Diffusers是一个能够生成图像、语音、三维分子结构，且包含SOTA扩散模型的训练、推理工具箱
features
- DiffusionPipeline 是一个高级端到端类，旨在从预训练的扩散模型中快速生成用于推理的样本。
- SOTA预训练模型架构和模块，可用作创建扩散模型的构件。
- 许多不同的调度器算法可控制如何在训练中添加噪声，以及如何在推理过程中生成去噪图像。

Installation

$ pip install --upgrade diffusers[torch]
# OR
$ conda install -c conda-forge diffusers

# uncomment to install the necessary libraries in Colab
# pip install --upgrade diffusers accelerate transformers

Quickstart

model hub https://huggingface.co/models?library=diffusers&sort=downloads

DiffusionPipeline

支持的部分任务

Task	Description	Pipeline
Unconditional Image Generation	generate an image from Gaussian noise	unconditional_image_generation
Text-Guided Image Generation	generate an image given a text prompt	conditional_image_generation
Text-Guided Image-to-Image Translation	adapt an image guided by a text prompt	img2img
Text-Guided Image-Inpainting	fill the masked part of an image given the image, the mask and a text prompt	inpaint
Text-Guided Depth-to-Image Translation	adapt parts of an image guided by a text prompt while preserving structure via depth estimation

from diffusers import DiffusionPipeline

from diffusers import DiffusionPipeline
import torch

pipeline = DiffusionPipeline.from_pretrained("runwayml/stable-diffusion-v1-5", torch_dtype=torch.float16)
pipeline.to("cuda")
image = pipeline("An image of a squirrel in Picasso style").images[0]
image.save("image_of_squirrel_painting.png")

Swapping schedulers

from diffusers import EulerDiscreteScheduler

pipeline = DiffusionPipeline.from_pretrained("runwayml/stable-diffusion-v1-5", use_safetensors=True)
pipeline.scheduler = EulerDiscreteScheduler.from_config(pipeline.scheduler.config)

Models

from diffusers import UNet2DModel
import torch

# load model
repo_id = "google/ddpm-cat-256"
model = UNet2DModel.from_pretrained(repo_id, use_safetensors=True)
model.config

# noise as input
torch.manual_seed(0)
noisy_sample = torch.randn(1, model.config.in_channels, model.config.sample_size, model.config.sample_size)
noisy_sample.shape

# inference
with torch.no_grad():
    noisy_residual = model(sample=noisy_sample, timestep=2).sample

Schedulers

调度程序会根据模型的输出结果（在本例中，模型输出结果就是噪声残差），将噪声样本转换为噪声较小的样本。

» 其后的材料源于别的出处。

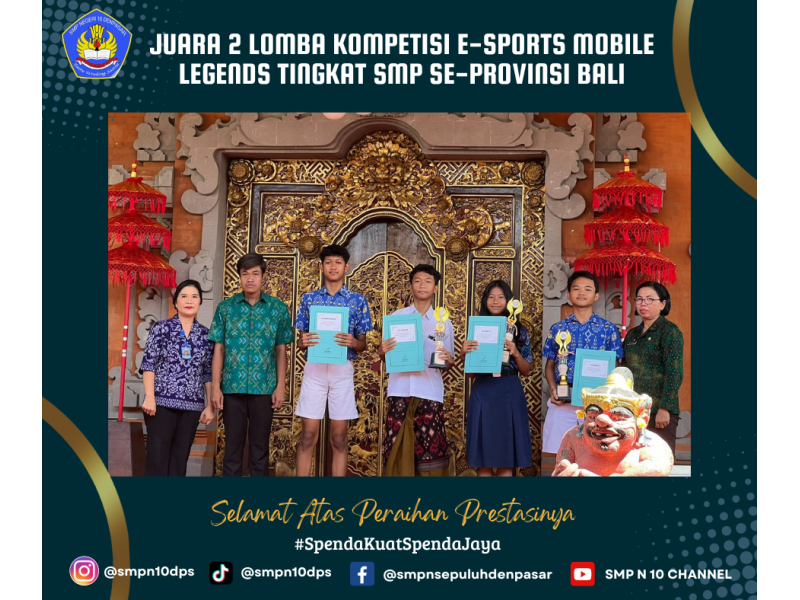SelengkapnyaHallo Sobat SPENDA! Prestasi membanggakan SMP Negeri 10 Denpasar meraih Juara 2 Lomba Kompetisi E-Sports Mobile Legends Ti ...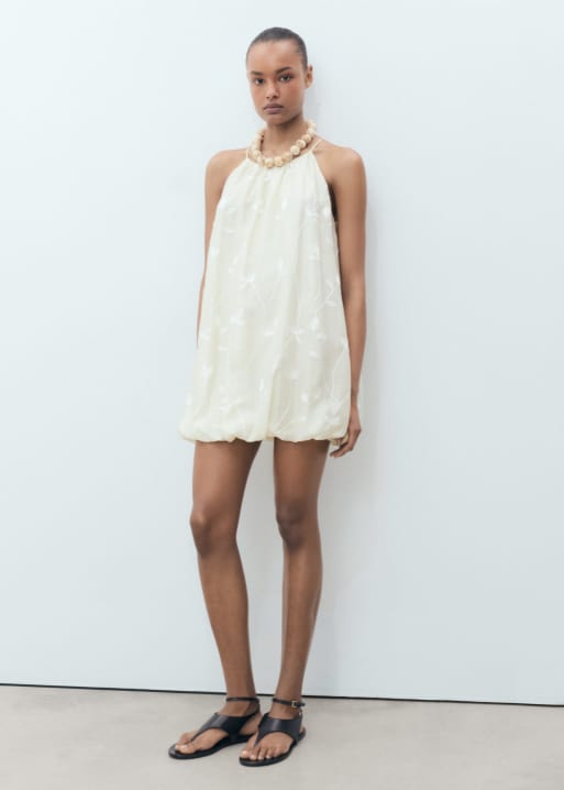 Mango – Neckholder-Kleid in Cremeweiß mit Ballonsaum und Blumenstickerei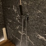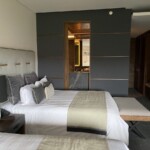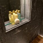 My room was lovely but as a whole didn’t appear to be as large as the rooms I had seen on social media. The bathroom, however, had more than enough allotted space with a very large rainfall shower, counter area with double sinks, toilet area, and more mirrors than I’ve ever seen in a bathroom. The bathroom can be totally closed off to the bedroom area; there are two “exposure” points if you don’t want to entirely close it off–the sliding entry door and the “window” panel.
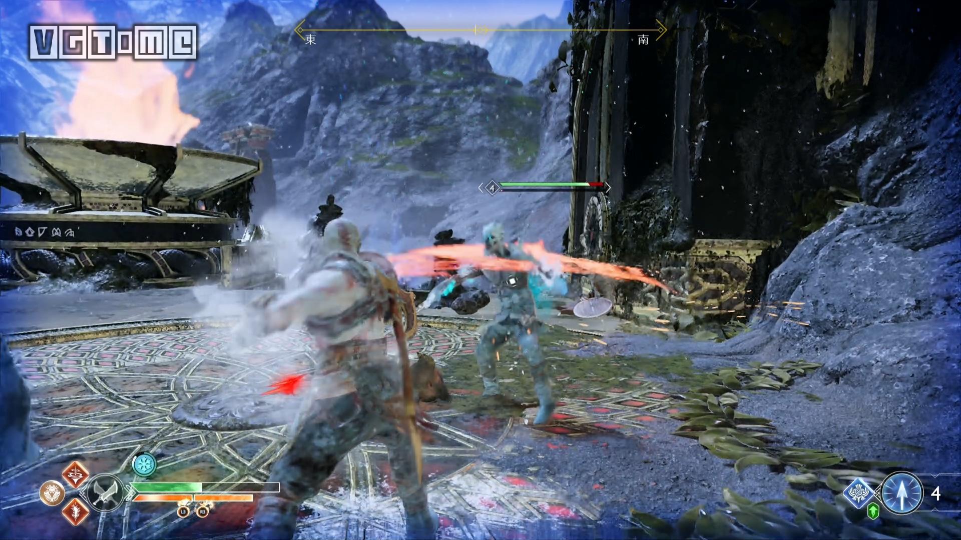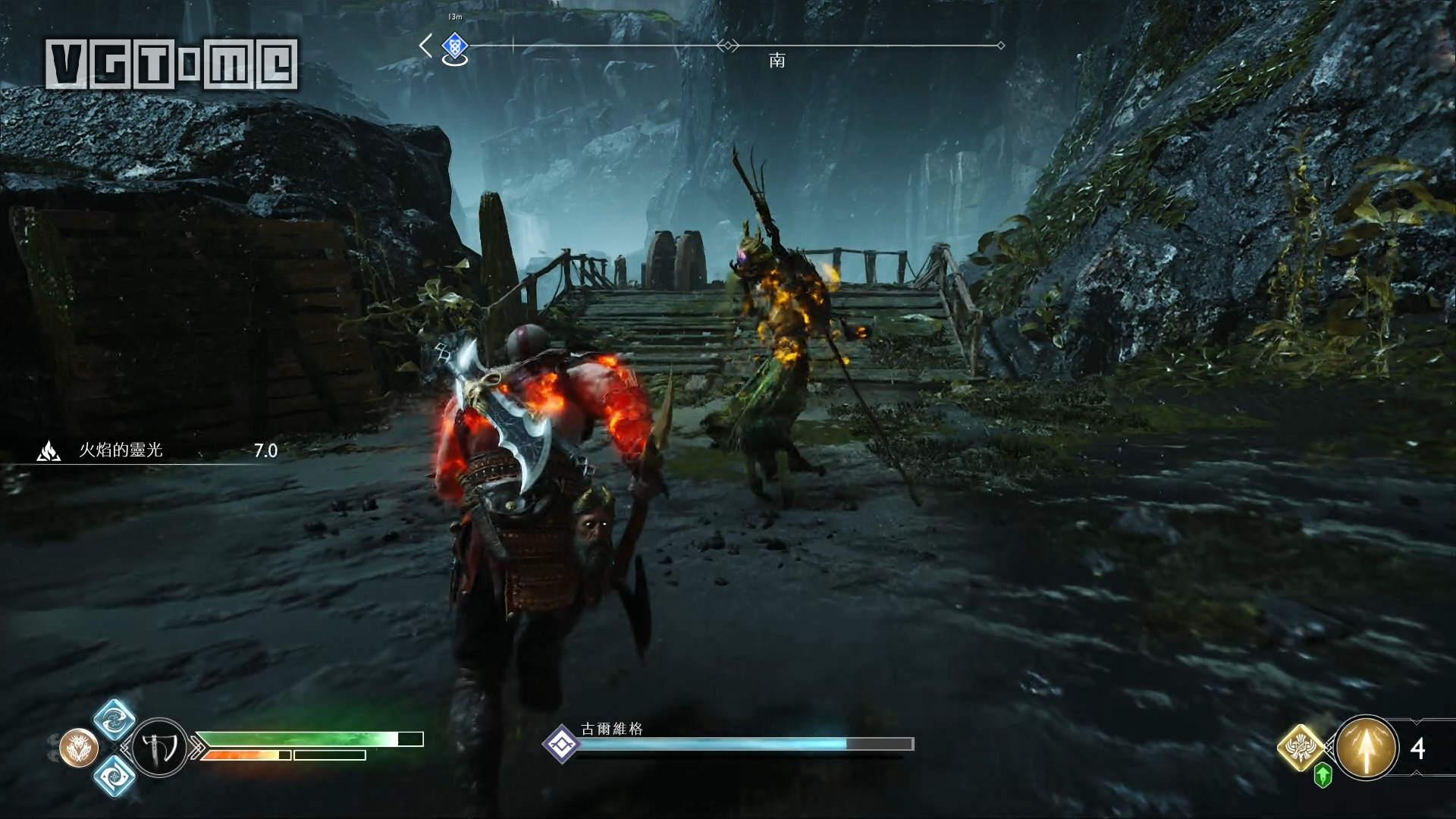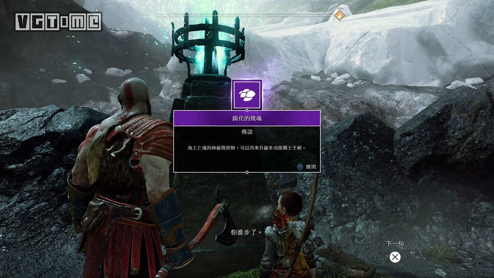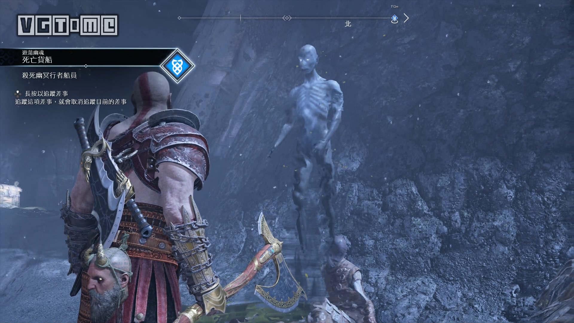 跳桥来到右边的区域,就会遇到一个愤怒的幽魂,他会请求奎托斯把雷神托尔的雕像毁掉。

from diffusers import DDPMScheduler

scheduler = DDPMScheduler.from_config(repo_id)
scheduler

less_noisy_sample = scheduler.step(model_output=noisy_residual, timestep=2, sample=noisy_sample).prev_sample
less_noisy_sample.shape

现在创建一个去噪循环，预测噪声较小样本的残差，并使用调度程序计算噪声较小的样本：

import tqdm
import PIL.Image
import numpy as np


def display_sample(sample, i):
    image_processed = sample.cpu().permute(0, 2, 3, 1)
    image_processed = (image_processed + 1.0) * 127.5
    image_processed = image_processed.numpy().astype(np.uint8)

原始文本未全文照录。